Read: it’s your civic duty. I have never before felt this more clearly or more urgently.

 

All summer I’ve been teaching students about the necessity of reading critically and evaluating sources with greater awareness and discernment.

 

This is a new idea for many students and I’m aware that it can strike them as elitist and exclusionary. What I try to make clear, though, is that we evaluate sources by examining THEIR sources. So, when looking at fairylore, for example, our best sources are either primary ones (oral tales or accounts in Irish or English) or secondary ones (analysis or ethnography) that rely on primary sources.

 

We run into trouble – distortion, inaccuracy, bias – when we get too far from primary sources. And truth be told, the primary sources for Irish fairylore are WAY more interesting than the weak tea served on the internet!

 

Some members of the general public are also running into trouble with sources during this pandemic.

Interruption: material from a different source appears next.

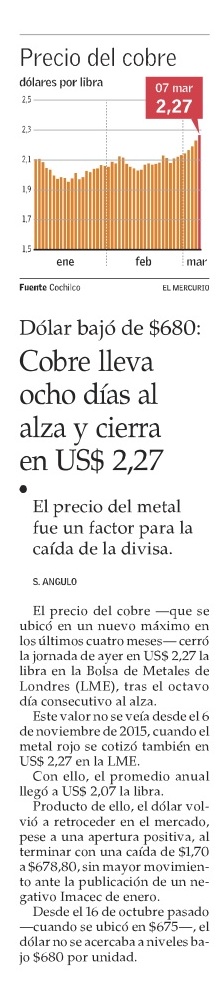 Libra de cobre registra US$2,2689 luego de ocho sesiones al alza - (Estrategia)
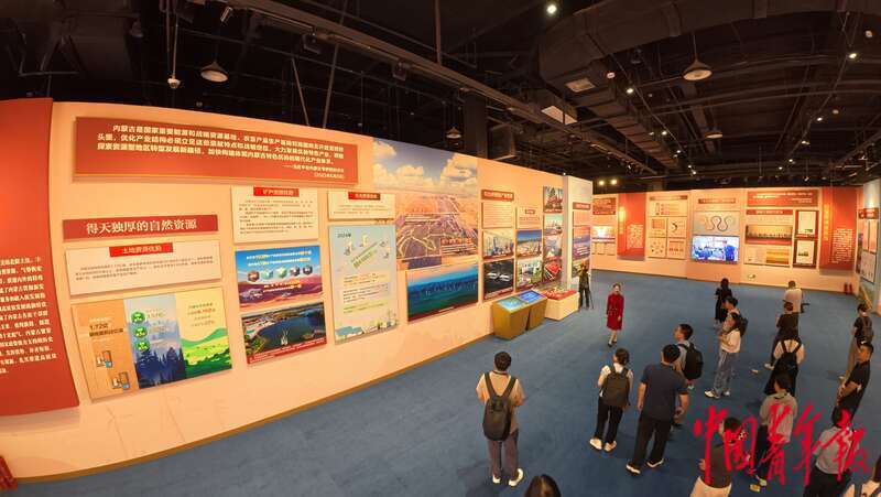 7月28日,在内蒙古展览馆,展出的2024年内蒙古实现“15个全国第一”的图片。中青报·中青网记者 张敏/摄

Take the Florida sheriff, for instance, who announced yesterday that his deputies are officially prohibited from wearing masks while on the job. Why? Because, he says, “the amount of professionals that give the reason why we should, I can find the same amount of professionals that say why we shouldn’t.”

 

He is confused by these sources and so he has called the match squarely by the dictates of emotionalism and preference. (Lest we sneer, let’s remember the many times we also short circuit rational thought and do what’s easiest or most expedient; second piece of cake, anyone?).

 

Here’s the thing: this man does not wish his deputies to become infected, I can guarantee you that. But lacking the ability to evaluate divergent viewpoints he cannot come to a reasoned conclusion – even one that is so clearly in his own best interest. He was not taught to do this and no one helped him feel at home in the realm of language which is itself the SOURCE of ideas.

 

I believe the most valuable thing we have as thinkers and participants in social, political, and cultural life is a frame of reference – a mental Rolodex of allusions, analogies, context, and memory – that empowers us to formulate an informed perspective on everything from fairies to mask-wearing. Of course, this frame of reference is ever evolving and responsive to new evidence; it’s not a static entity but a living image of an individual mind in this moment.

 

The best way I know to develop and expand our frame of reference is to read.

 

Once, we were a nation of readers. We are currently led by a man who tells us proudly that he doesn’t read. He is far from alone. Many people see reading as an activity separate from the rush and requirements of “real life.” But nothing could be further from the truth, and this view results in intellectual impoverishment that if unchecked leads and has led to other forms of impoverishment.

 

I have been lucky to know people who carried within them extraordinary richness. They are measured and patient, understanding something of history. They are humane and disinclined to mock others, having immersed themselves in human stories. Every one of these people is an avid reader.

 

To my mind, it’s clear that if we wish to become empowered thinkers capable of making choices that lead to our own flourishing and to the flourishing of those with whom we share the world, we must read.

 

And teachers, parents, adults, all of us – we must pass this value to our young ones.

 

Reading cultivates the head (clarity, rationality) AND the heart (compassion, sympathetic imagination). With these excellent, necessary tools, we create lives of freedom, growth, connection, contribution, and great beauty.

 

We become people who carry treasure and share it for the good of all.